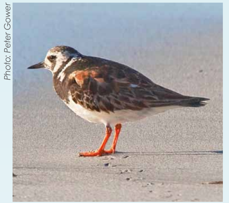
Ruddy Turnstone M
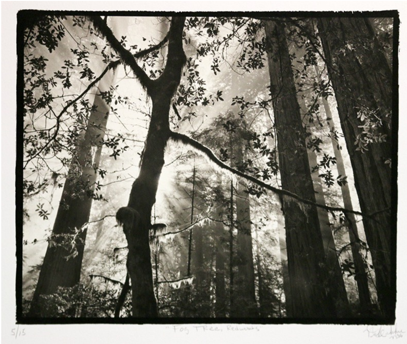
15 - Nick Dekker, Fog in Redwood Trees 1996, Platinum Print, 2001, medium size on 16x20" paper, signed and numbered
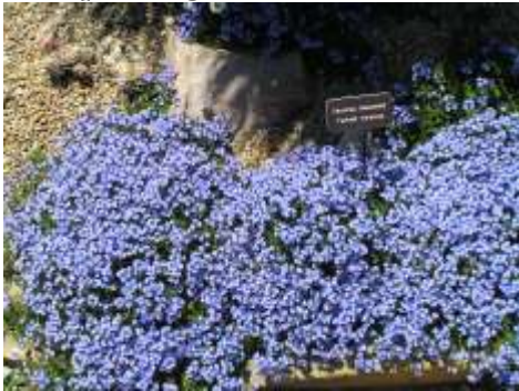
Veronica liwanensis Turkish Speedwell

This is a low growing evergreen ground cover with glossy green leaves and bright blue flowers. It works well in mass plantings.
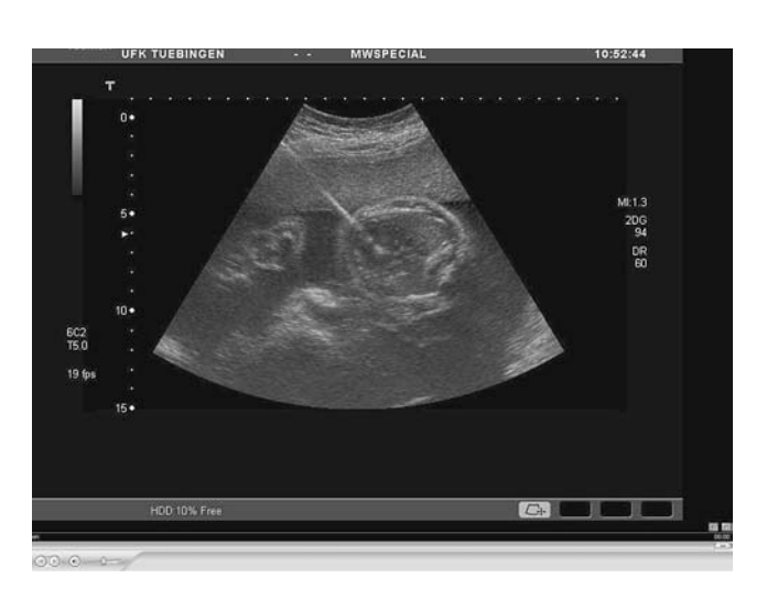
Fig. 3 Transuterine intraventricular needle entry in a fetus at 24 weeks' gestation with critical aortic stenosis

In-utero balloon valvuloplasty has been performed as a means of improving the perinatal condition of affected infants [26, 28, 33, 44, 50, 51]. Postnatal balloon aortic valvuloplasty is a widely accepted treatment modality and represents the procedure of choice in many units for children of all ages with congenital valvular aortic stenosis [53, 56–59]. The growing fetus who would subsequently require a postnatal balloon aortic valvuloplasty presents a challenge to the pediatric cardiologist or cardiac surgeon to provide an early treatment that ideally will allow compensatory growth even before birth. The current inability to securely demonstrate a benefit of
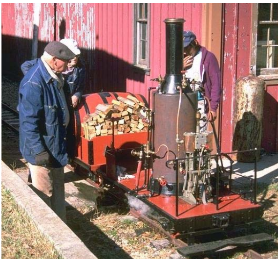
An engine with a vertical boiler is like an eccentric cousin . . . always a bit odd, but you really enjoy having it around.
■ ■ ■ ■ ■ ■ ■
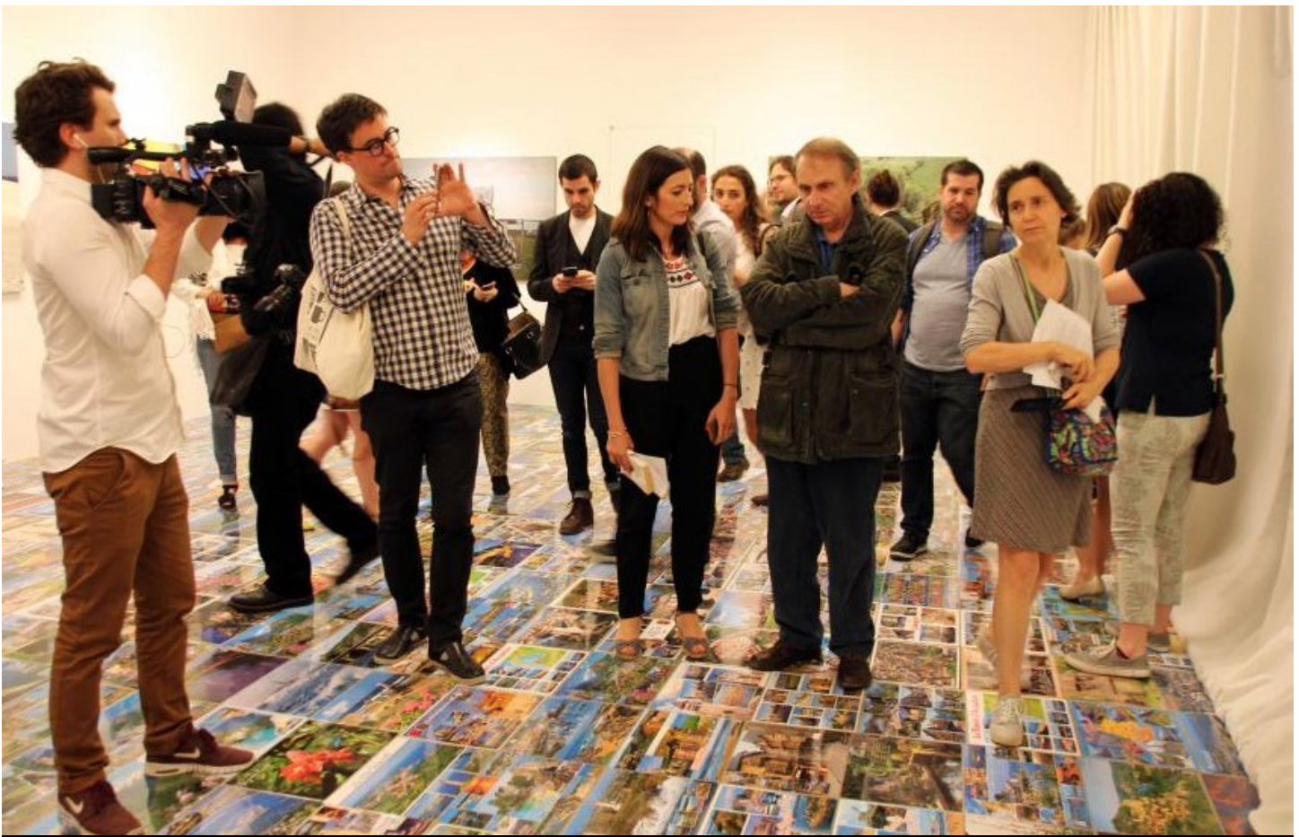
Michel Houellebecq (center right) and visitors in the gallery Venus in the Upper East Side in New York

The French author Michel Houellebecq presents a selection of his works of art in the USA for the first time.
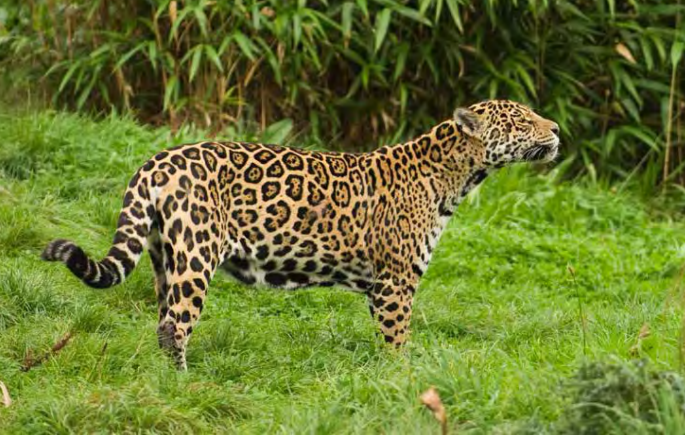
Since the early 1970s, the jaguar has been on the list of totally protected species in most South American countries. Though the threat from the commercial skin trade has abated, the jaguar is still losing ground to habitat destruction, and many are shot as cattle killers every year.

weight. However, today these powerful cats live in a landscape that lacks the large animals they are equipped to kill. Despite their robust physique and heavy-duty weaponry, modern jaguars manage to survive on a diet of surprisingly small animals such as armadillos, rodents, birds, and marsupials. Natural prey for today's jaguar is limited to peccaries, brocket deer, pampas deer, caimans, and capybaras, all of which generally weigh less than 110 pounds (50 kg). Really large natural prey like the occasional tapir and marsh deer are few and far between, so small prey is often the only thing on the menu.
■ ■ ■ ■ ■ ■ ■
Find each line in the records above that contains "ground", and copy it.

This is a low growing evergreen ground cover with glossy green leaves and bright blue flowers. It works well in mass plantings.
Since the early 1970s, the jaguar has been on the list of totally protected species in most South American countries. Though the threat from the commercial skin trade has abated, the jaguar is still losing ground to habitat destruction, and many are shot as cattle killers every year.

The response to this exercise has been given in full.